I’m glad I persevered. Mercurial Production’s short play, Briefing, is an hour very well spent. The play is based on Doris Lessing’s 1971 novel “Briefing for a Descent into Hell”, the story of a man who loses his memory and is admitted to a psychiatric hospital as the Patient. He may be mad, or he may be an agent of an interplanetary civilisation trying to rescue the Earth from humanity’s excesses. He cannot remember his former earthly life, as a Cambridge classics professor, but remembers snatches of his other experiences and has a strong sense of having forgotten something important. The book can be read as a psycho-drama, or as science fiction. I’m inclined to that latter, because it pivots around the scene of the ‘Briefing’ of the title, where the assembled alien agents are told that their mission to earth will be difficult, and that they will forget who they were. This scene doesn’t enter the consciousness of the Patient at any stage, and seems too concrete if the author is trying to keep the nature of this reality open.

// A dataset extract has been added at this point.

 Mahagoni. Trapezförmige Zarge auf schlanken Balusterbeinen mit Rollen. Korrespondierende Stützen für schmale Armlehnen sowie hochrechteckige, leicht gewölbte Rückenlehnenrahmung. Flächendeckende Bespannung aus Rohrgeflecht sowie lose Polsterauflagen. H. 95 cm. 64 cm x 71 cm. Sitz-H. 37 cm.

The play is true to the novel, drawing the dialogue from it. The cast enter the small, sparse performance space down the side aisle with no separate stage. Most of the action takes place on and around a hospital bed, which becomes a raft in the ocean, and, with the cast, a cliff-face climbed by the Patient.

Where much of the book is unremitting stream-of-consciousness prose as the Patient talks through his memories, the cast use movement and words to take us through the story. First supporting his perhaps fantastical reality, then transforming into the hospital staff trying to ‘cure’ him, they bring the confusion between the two worlds to life.

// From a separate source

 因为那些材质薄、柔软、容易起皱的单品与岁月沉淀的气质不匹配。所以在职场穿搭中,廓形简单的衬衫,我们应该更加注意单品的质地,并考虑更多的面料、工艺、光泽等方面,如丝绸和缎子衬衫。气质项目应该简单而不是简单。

As with the book, the play comes through on multiple levels. It is commentary on the way we treat the mentally-ill, with the Patient continuously drugged and under threat of electric shock therapy, and the medical staff’s certainty that their own reality is true. And is there madness too in the dire state of the planet, so much worse now than when the book was first written?

This is Mercurial Productions first production, bringing together young actors who are all graduates of the Parisian theatre school, Ecole Jacques Lecoq. James Turpin is excellent as the Patient, somnolent and confused, but calm so that the possibility that the past he partly remembers is the real one always remains open. The ensemble work together seamlessly, at times almost dancing their way through the play.

Briefing plays at the Camden People’s Theatre until 26 April. Tickets are £10/£12, and bookings must be made through Ticketweb who will add a pound or two to the price.